After a slow decline in health, he was diagnosed with Parkinson’s disease, a long-term degenerative disorder of the central nervous system. When he reached his 80s, the man who had such expressive command of his body, who had used that body to communicate God’s love to the world, slowly lost control of his motor functions. Symptoms began to show: shaking, difficulty walking, muscle spasms, poor balance and fatigue, loss of speech. People suffering from Parkinson’s experience the humiliation of losing control of their bladders, or drooling.
This body that he loved, that allowed him to embrace the world, was betraying him.

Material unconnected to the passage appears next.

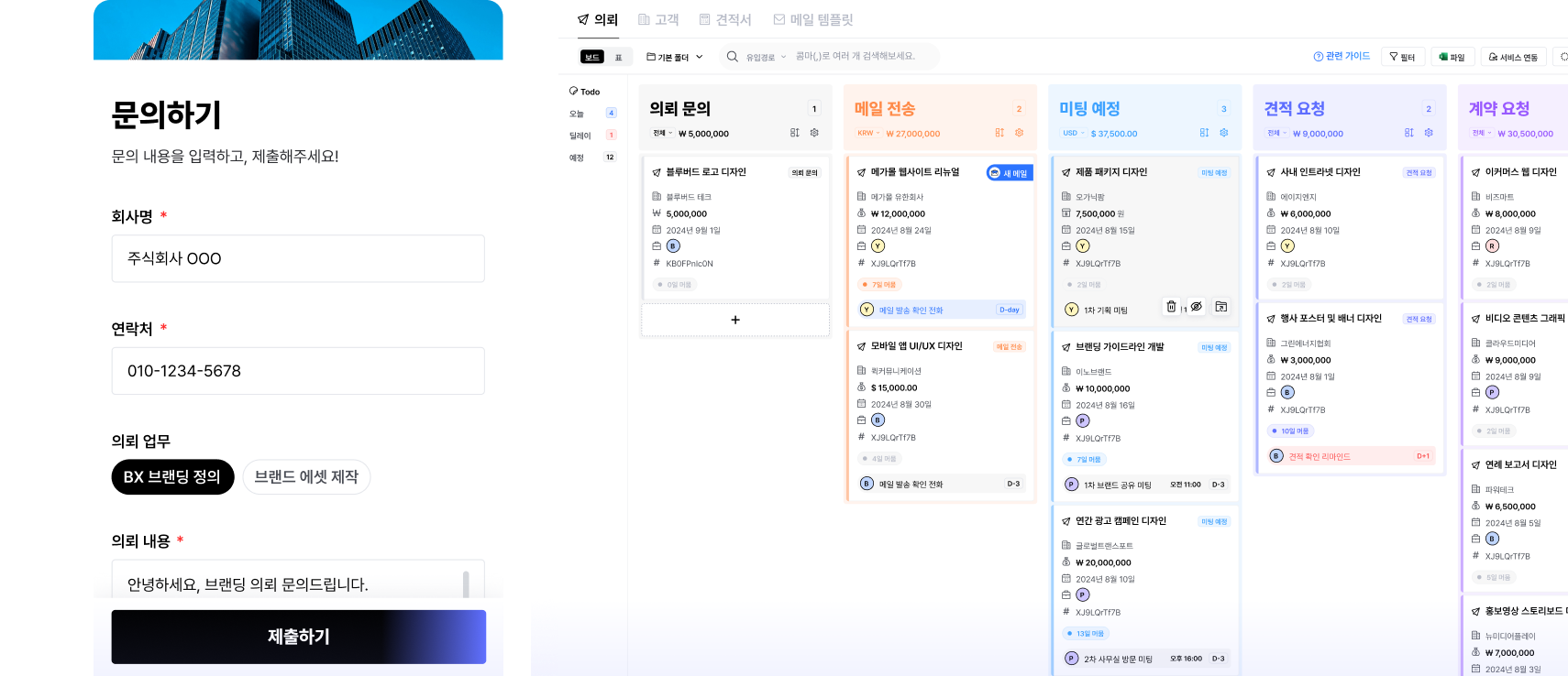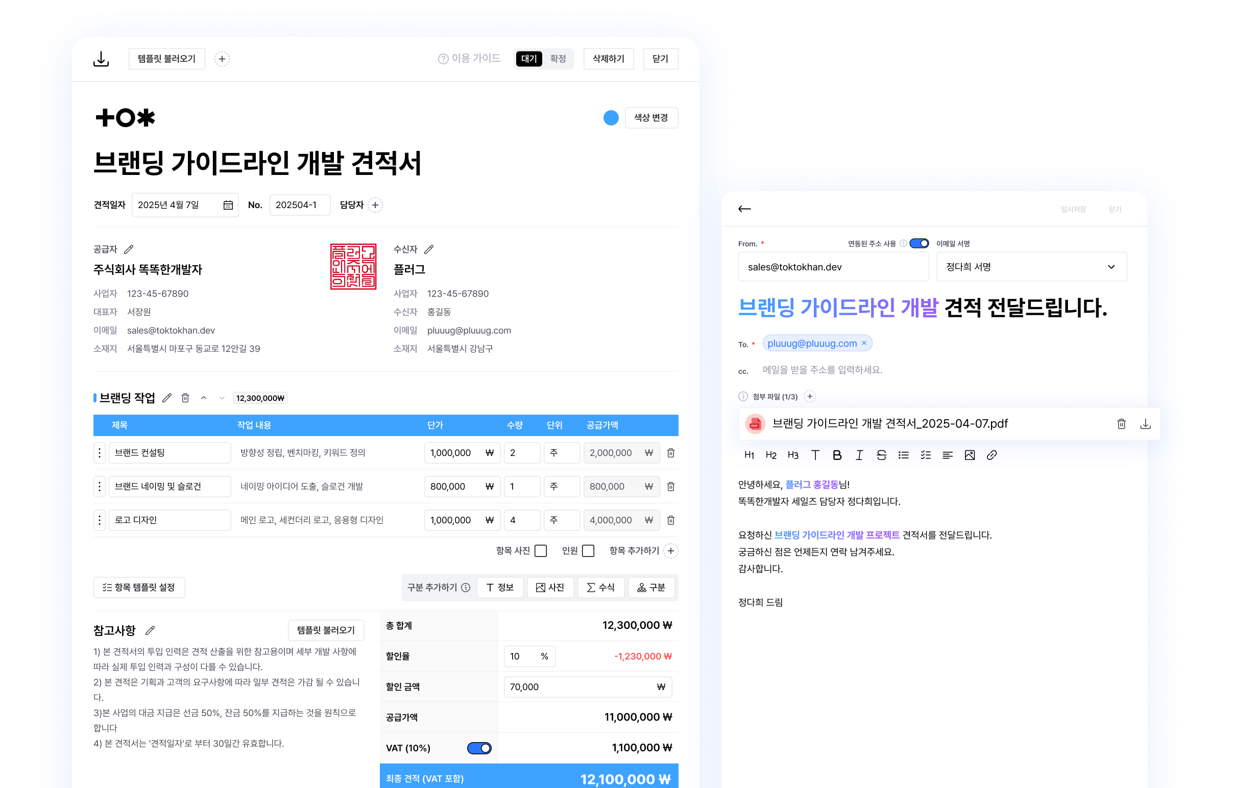 고객과 의뢰 정보를 기반으로 영업 문서를 빠르게 작성해요. 견적서는 PDF를 다운로드 과정 없이 이메일로 즉시 발송해요.

One might expect a man so accustomed to such physical grace and dexterity to retreat from the public eye, to shore up what dignity he had left and let the disease take its toll in private. But John Paul II did not give up — he continued to travel, he continued to speak and lead.
He was unafraid — why?
Because this identity as a son of God gave him the strength to embrace vulnerability and weakness — not run from it. He didn’t shrink back in fear, even in this last stage, because his identity as a son of God kept him moving outward, toward others with the truth and beauty of the good news that we are God’s beloved children as well.
He knew that even his decline and illness — even his death — could point to God’s unfailing love. Be not afraid — John Paul II proclaimed it as his first words on the balcony when he was elected pope; he proclaimed it with his life; he proclaimed it even with his death.